So again, very simple constructions, immediate transfer to GF equations.

And then it's just going to be a matter of extracting coefficients.

[COUGH] So here's now first example

of a problem that might be more difficult to solve.

And it's representative of very general treatment that we'll do in Chapter 8.

How many N-bit minor strings have no two consecutive 0s?

Actually, there's lots of practical applications,

where such questions are quite important for looking for lots of consecutive 0s,

some types of communications devices have problems in such situations,

and you'd have codes that don't do that.

And so these things are well studied.

And this is a simple example, but it gets to be a much more complicated very soon.

That's what we'll talk about in Chapter 8.

But still, let's take a look at solving this with the symbolic method.

Okay, so it's the same, it's binary string, so it's the same set-up.

Our class is the class of binary strings that don't have any 00.

We have the same set-up for generating function, and the atoms are all the same.

So what does the construction look like?

Well, a binary string with no 00 is either empty or at 0,

or it's 1 or 01, followed by a binary string with no 00.

You can check if that's a way to describe the class.

You have to think about it a little bit, but it's not too bad.

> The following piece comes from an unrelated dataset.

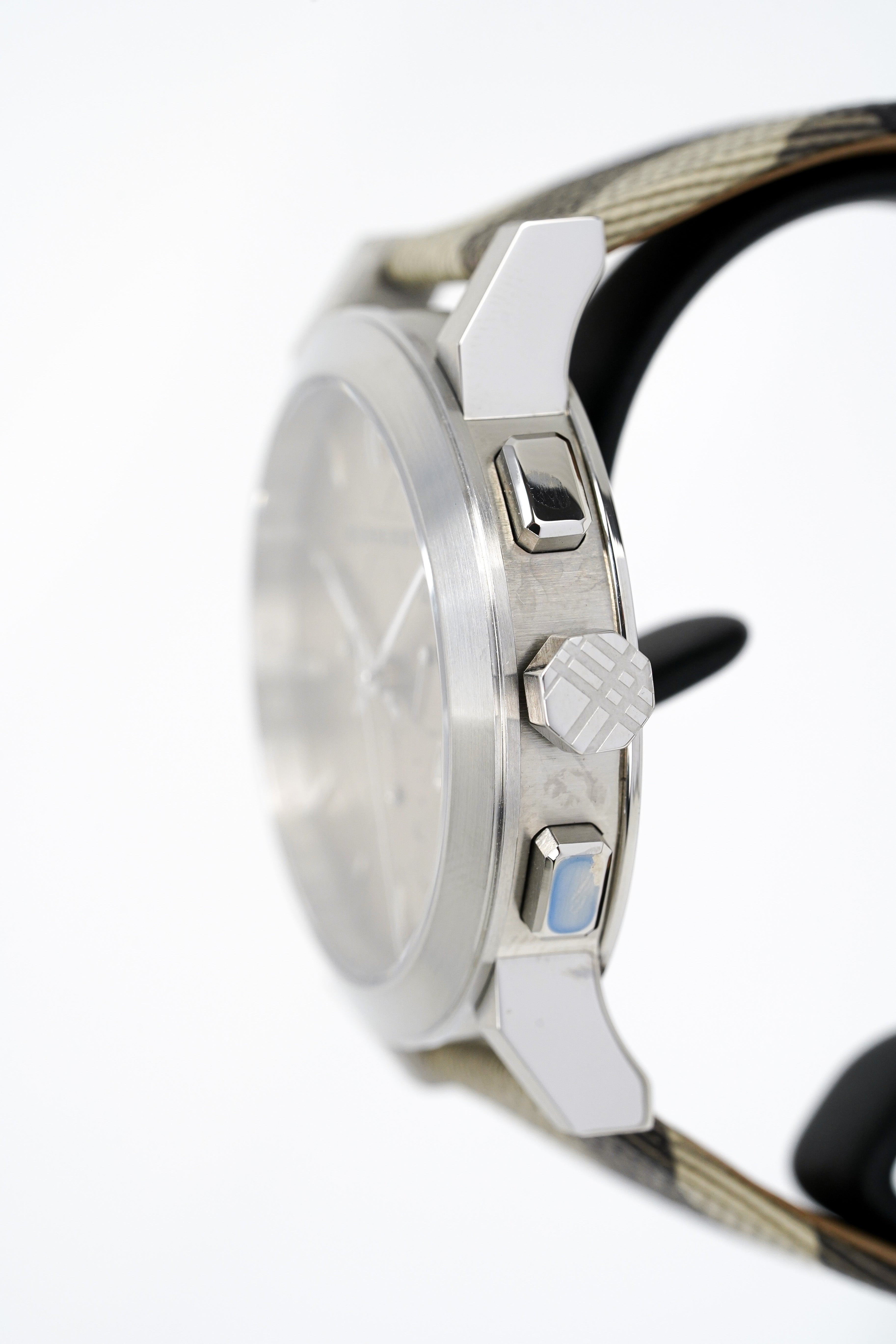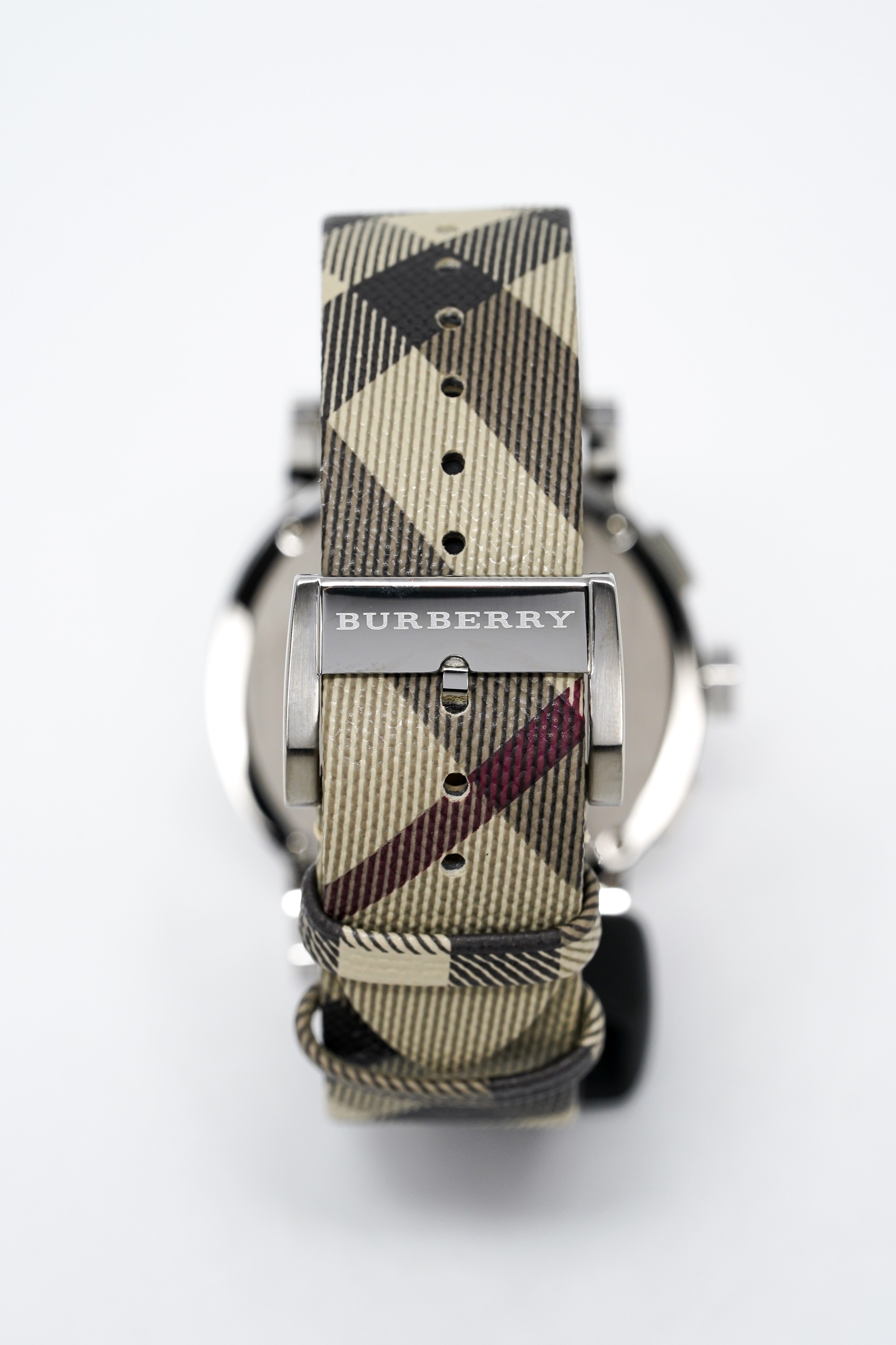 - Champagne Check-Pattern Dial – Embossed with Burberry’s signature motif for a distinguished look.

And what's important, though, is that we don't have just in English language

description, we have a combinatorial construction.

Combinatorial construction immediately translates to a generating

function equation.

See 0 cross Z1 is Z squared, Z1, our generating function is Z.

At + Z0, generating function is 1+z.

So put all that together, now we have a generating function equation for

B00(z) that we can solve, and that's 1+z / 1-z- z squared.

And again [COUGH] extracting coefficients,

now these are problems that we know how to solve.

In this case, it turns out, and we'll look at the details later,

in this case, it turns out to be Fibonacci numbers.

1 / 1-z-z squared is Fn.

Z is F / 1-z-z squared is Fn+1.

If you add Fn to n+1, you get Fn+2, and that checks with the anti-Fibonacci

number, checks with the numbers that we found on the previous slide.

Many of you probably noticed that it was Fibonacci numbers at that point.

And it's clear that this argument, and this process is going to extend easily for

binary strings with other kinds of restrictions.

The trick is coming up with a construction that precisely describes your class, but

often, that's not difficult.

And again, we'll look at a general treatment of this later on in the course.